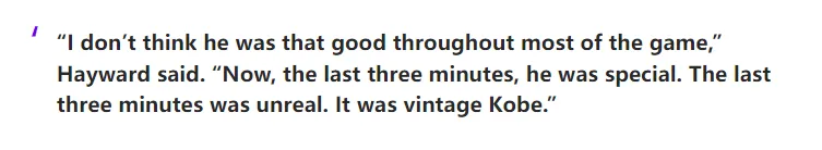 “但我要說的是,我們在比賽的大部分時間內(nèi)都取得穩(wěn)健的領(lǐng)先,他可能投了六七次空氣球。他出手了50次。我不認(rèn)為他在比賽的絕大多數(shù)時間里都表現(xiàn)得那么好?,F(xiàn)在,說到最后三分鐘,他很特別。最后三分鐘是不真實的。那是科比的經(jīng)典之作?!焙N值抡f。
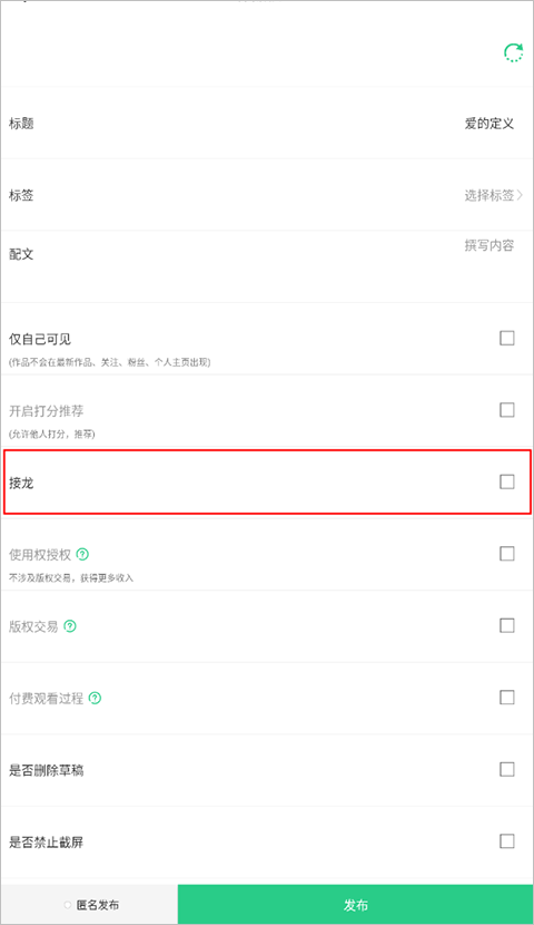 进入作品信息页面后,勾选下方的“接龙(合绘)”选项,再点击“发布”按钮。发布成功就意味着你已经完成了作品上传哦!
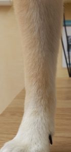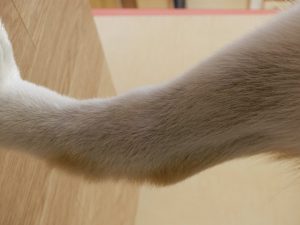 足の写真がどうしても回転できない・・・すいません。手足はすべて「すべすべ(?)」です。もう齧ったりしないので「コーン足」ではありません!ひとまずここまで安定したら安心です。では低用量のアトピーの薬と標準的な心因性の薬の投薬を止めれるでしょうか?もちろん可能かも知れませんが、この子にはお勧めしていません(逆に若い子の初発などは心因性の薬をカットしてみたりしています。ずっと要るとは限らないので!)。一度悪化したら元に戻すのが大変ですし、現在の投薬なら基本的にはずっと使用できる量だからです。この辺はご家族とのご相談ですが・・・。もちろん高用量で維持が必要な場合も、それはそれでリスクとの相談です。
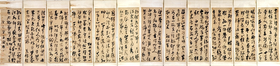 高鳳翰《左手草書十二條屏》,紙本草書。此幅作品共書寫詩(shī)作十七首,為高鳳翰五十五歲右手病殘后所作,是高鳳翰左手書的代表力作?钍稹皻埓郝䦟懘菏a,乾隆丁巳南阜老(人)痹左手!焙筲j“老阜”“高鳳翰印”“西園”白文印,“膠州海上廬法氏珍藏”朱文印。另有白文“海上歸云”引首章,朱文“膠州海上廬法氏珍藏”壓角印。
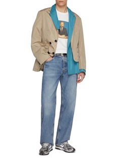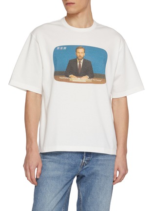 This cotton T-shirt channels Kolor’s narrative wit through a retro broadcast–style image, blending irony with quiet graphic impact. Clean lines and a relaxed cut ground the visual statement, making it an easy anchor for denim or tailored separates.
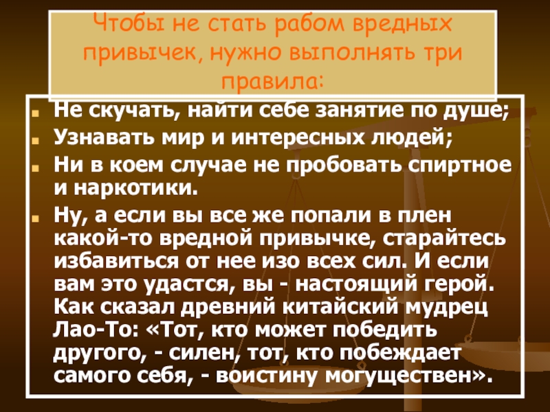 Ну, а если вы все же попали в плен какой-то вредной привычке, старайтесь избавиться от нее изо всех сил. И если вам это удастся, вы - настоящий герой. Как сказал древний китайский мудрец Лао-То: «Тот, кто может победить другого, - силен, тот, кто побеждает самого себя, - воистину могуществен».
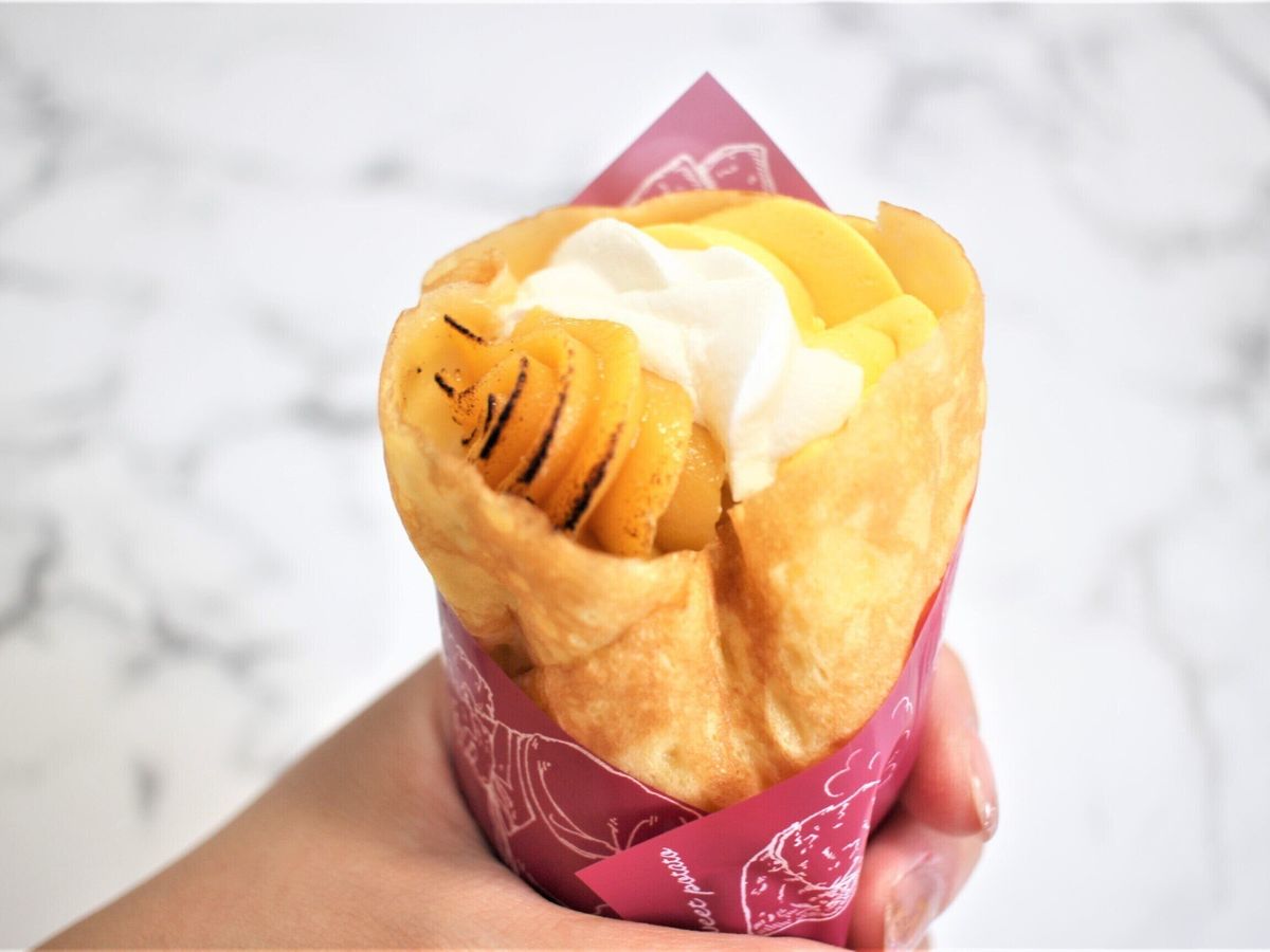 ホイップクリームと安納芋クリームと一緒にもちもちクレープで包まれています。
□ □ □ □
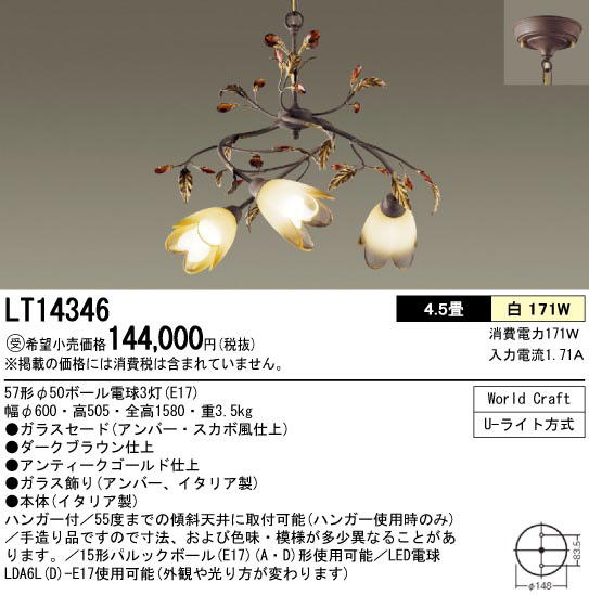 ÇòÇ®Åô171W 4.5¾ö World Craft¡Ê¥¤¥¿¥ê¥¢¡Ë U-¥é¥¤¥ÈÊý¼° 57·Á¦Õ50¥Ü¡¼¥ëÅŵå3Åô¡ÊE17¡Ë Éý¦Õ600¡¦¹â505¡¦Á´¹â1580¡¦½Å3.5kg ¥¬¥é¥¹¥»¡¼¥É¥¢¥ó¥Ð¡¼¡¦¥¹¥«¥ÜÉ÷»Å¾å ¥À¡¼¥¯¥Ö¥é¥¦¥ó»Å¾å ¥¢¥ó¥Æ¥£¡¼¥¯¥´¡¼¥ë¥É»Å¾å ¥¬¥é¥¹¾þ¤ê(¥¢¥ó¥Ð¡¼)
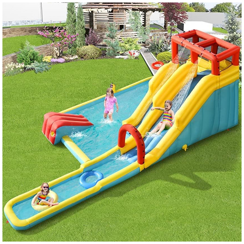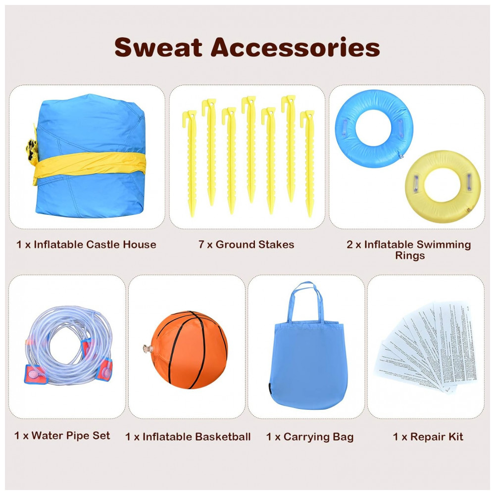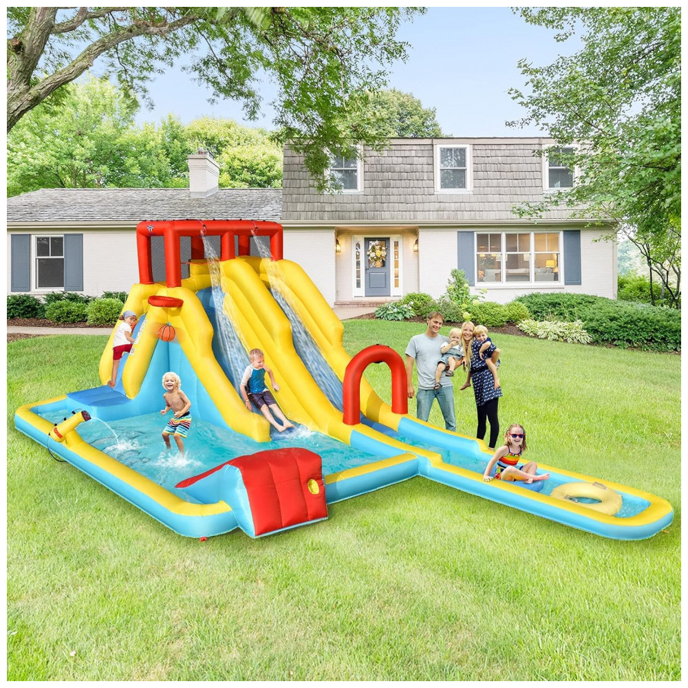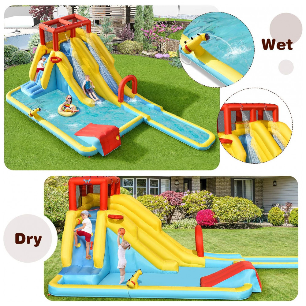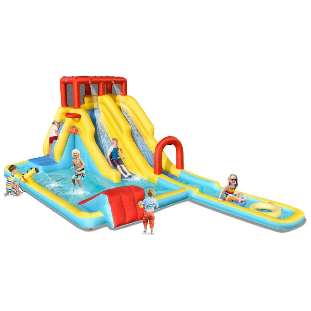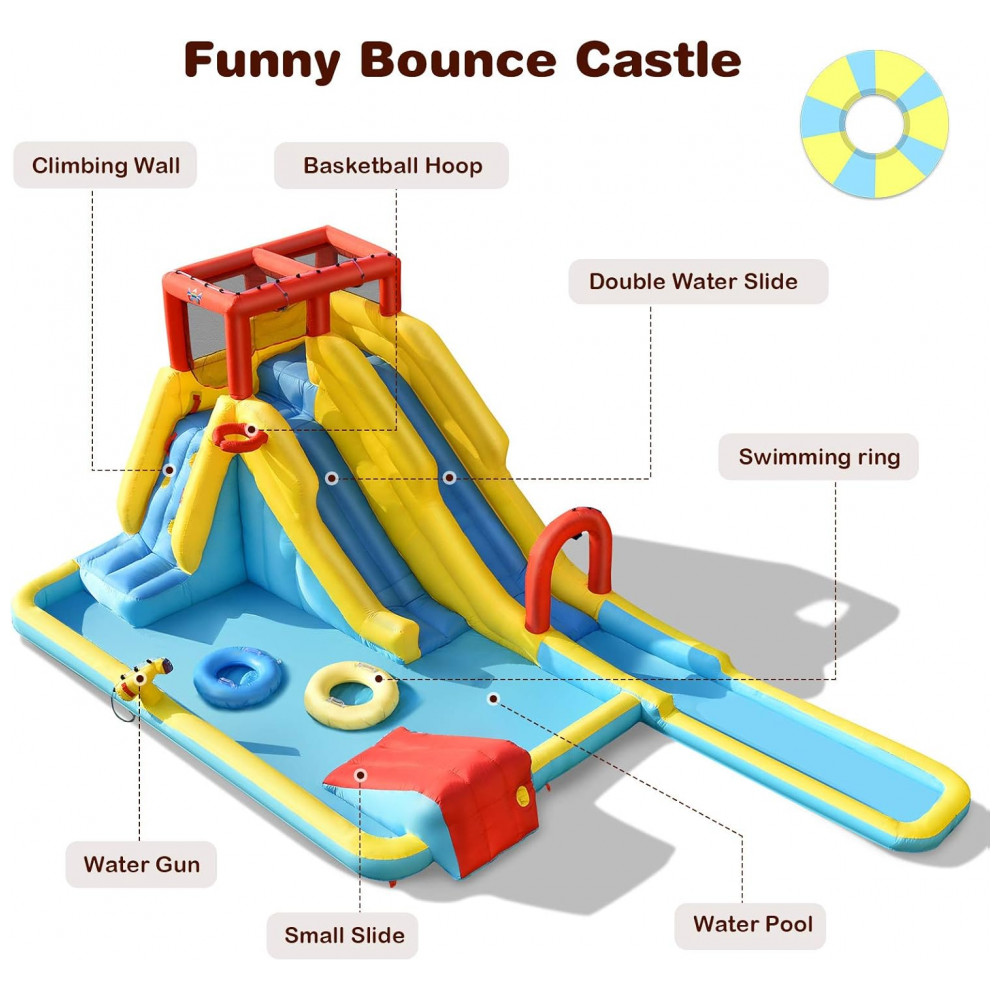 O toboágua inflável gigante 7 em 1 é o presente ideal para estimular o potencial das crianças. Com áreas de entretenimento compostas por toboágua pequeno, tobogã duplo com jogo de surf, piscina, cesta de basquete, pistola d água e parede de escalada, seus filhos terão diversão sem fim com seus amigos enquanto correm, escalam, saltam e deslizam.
□ □ □ □
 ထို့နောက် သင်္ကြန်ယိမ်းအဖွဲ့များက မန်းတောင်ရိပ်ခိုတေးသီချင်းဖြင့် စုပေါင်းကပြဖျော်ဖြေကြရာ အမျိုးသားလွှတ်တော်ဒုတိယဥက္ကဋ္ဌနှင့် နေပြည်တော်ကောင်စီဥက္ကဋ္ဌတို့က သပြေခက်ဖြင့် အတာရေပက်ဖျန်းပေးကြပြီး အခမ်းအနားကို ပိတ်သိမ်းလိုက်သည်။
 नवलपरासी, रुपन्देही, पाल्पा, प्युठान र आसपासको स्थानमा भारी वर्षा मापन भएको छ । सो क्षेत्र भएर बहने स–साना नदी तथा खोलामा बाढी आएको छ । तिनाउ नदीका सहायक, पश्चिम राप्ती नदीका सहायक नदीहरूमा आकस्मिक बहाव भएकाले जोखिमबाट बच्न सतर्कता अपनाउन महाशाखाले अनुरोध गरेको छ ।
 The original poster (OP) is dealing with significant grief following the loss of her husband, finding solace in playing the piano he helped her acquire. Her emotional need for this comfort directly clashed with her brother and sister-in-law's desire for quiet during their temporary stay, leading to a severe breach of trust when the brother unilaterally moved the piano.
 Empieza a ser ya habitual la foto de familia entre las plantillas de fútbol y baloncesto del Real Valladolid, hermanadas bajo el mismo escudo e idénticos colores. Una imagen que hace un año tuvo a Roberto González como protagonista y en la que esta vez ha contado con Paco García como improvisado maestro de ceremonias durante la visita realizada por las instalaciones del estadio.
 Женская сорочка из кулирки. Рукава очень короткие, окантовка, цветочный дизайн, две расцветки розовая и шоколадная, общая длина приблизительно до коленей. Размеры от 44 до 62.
□ □ □ □
### WHAT YOU NEED TO DO
The answer is the run of lines above from the line containing "အတာရေပက်ဖျန်းပေးကြပြီး အခမ်းအနားကို ပိတ်သိမ်းလိုက်သည်။" through the line containing "The original poster", copied exactly and alone.

### FINAL ANSWER
 ထို့နောက် သင်္ကြန်ယိမ်းအဖွဲ့များက မန်းတောင်ရိပ်ခိုတေးသီချင်းဖြင့် စုပေါင်းကပြဖျော်ဖြေကြရာ အမျိုးသားလွှတ်တော်ဒုတိယဥက္ကဋ္ဌနှင့် နေပြည်တော်ကောင်စီဥက္ကဋ္ဌတို့က သပြေခက်ဖြင့် အတာရေပက်ဖျန်းပေးကြပြီး အခမ်းအနားကို ပိတ်သိမ်းလိုက်သည်။
 नवलपरासी, रुपन्देही, पाल्पा, प्युठान र आसपासको स्थानमा भारी वर्षा मापन भएको छ । सो क्षेत्र भएर बहने स–साना नदी तथा खोलामा बाढी आएको छ । तिनाउ नदीका सहायक, पश्चिम राप्ती नदीका सहायक नदीहरूमा आकस्मिक बहाव भएकाले जोखिमबाट बच्न सतर्कता अपनाउन महाशाखाले अनुरोध गरेको छ ।
 The original poster (OP) is dealing with significant grief following the loss of her husband, finding solace in playing the piano he helped her acquire. Her emotional need for this comfort directly clashed with her brother and sister-in-law's desire for quiet during their temporary stay, leading to a severe breach of trust when the brother unilaterally moved the piano.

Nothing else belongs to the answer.